- _The problem_:
Copy the entries exactly. Leave out any pictures.
----- Supplied material -----
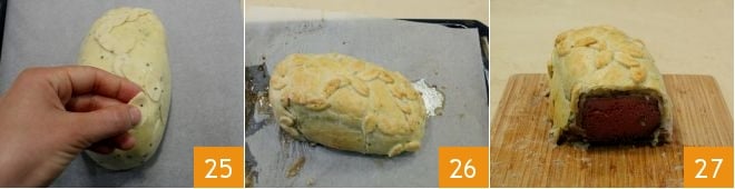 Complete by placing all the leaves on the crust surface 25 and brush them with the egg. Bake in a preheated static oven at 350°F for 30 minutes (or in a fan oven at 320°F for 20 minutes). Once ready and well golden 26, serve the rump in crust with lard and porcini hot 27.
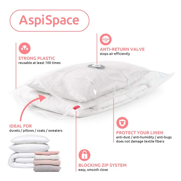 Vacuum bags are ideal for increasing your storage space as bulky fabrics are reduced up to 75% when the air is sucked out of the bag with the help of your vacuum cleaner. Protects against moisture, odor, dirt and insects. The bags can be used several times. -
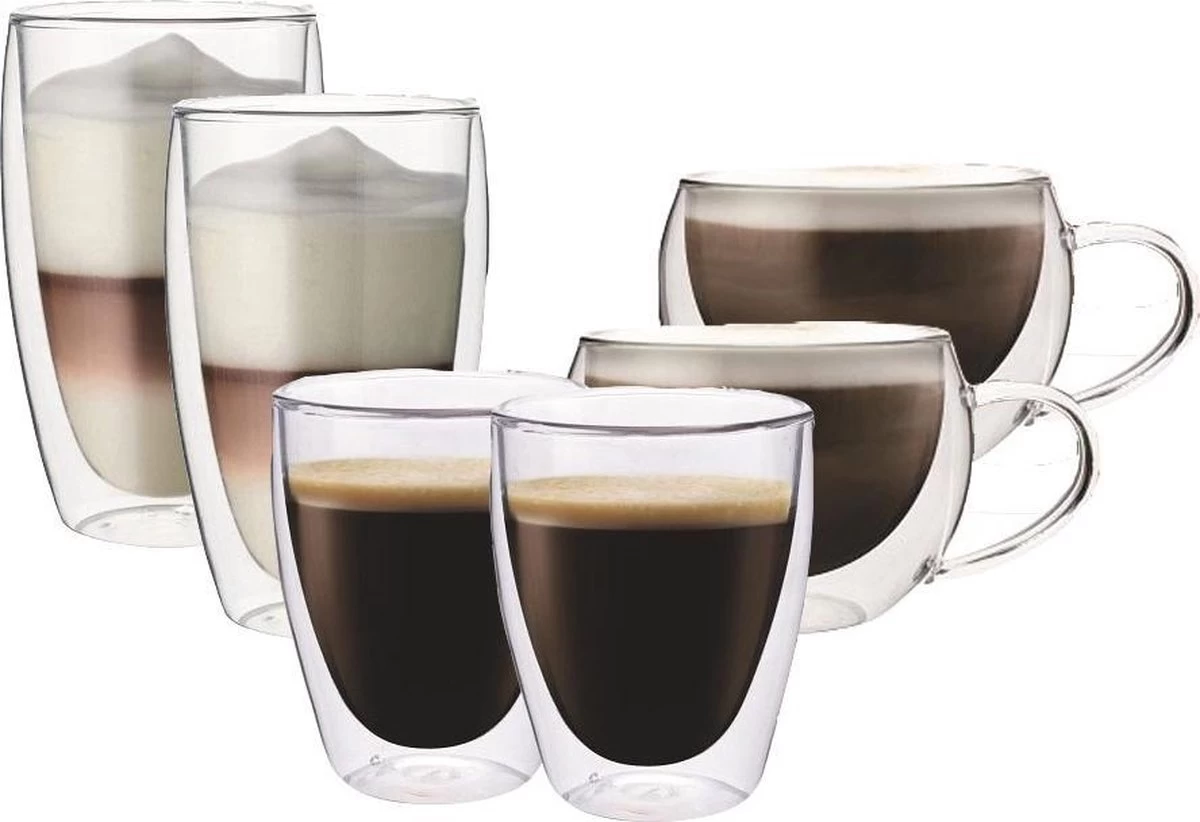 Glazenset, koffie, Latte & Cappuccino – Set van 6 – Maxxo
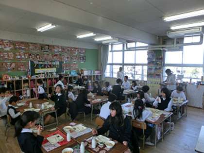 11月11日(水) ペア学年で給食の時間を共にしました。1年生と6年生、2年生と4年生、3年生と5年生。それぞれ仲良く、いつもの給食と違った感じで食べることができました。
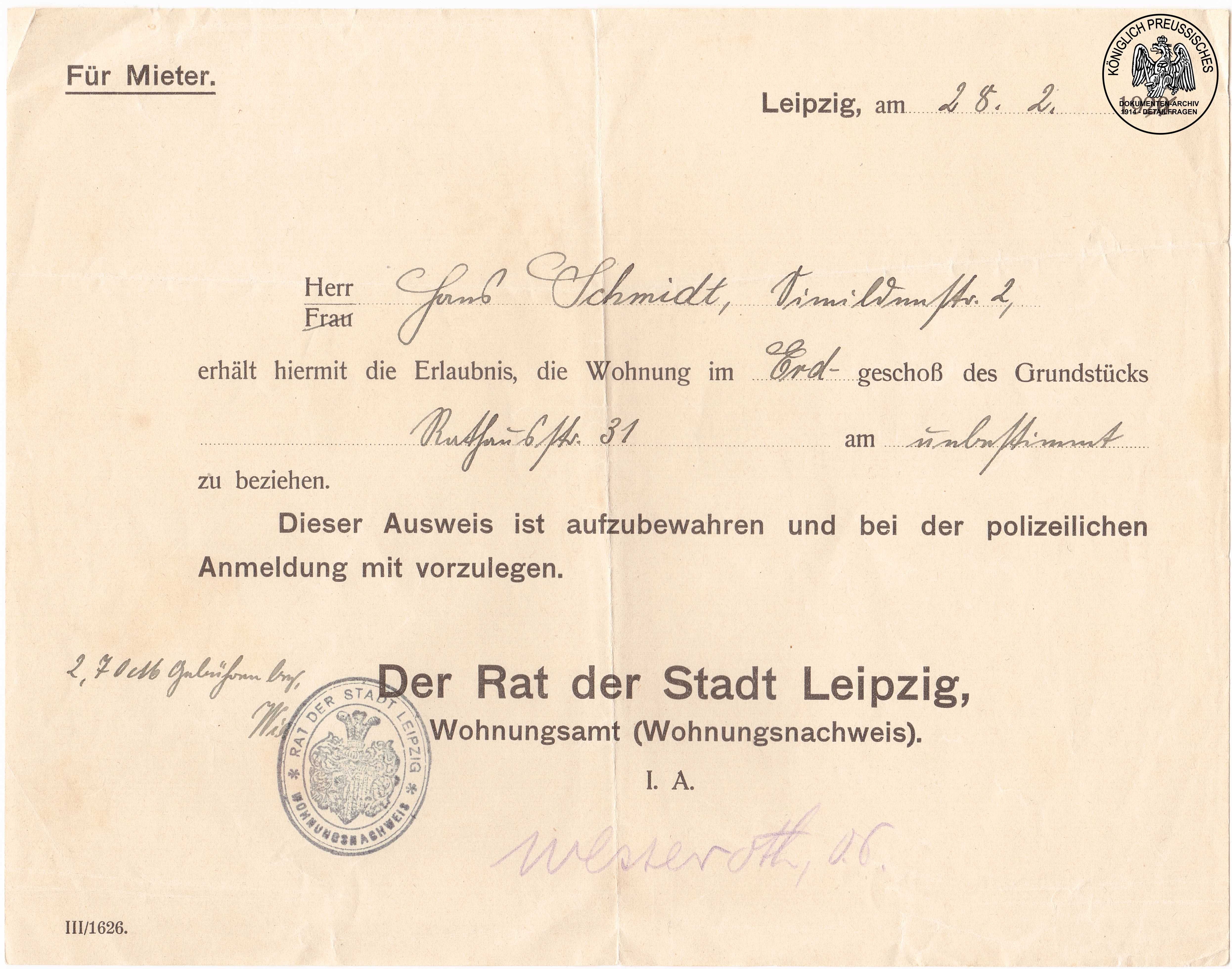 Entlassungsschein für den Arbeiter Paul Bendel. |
-----
- _Exercise result_:
 Complete by placing all the leaves on the crust surface 25 and brush them with the egg. Bake in a preheated static oven at 350°F for 30 minutes (or in a fan oven at 320°F for 20 minutes). Once ready and well golden 26, serve the rump in crust with lard and porcini hot 27.
 Vacuum bags are ideal for increasing your storage space as bulky fabrics are reduced up to 75% when the air is sucked out of the bag with the help of your vacuum cleaner. Protects against moisture, odor, dirt and insects. The bags can be used several times. -
 Glazenset, koffie, Latte & Cappuccino – Set van 6 – Maxxo
 11月11日(水) ペア学年で給食の時間を共にしました。1年生と6年生、2年生と4年生、3年生と5年生。それぞれ仲良く、いつもの給食と違った感じで食べることができました。
 Entlassungsschein für den Arbeiter Paul Bendel. |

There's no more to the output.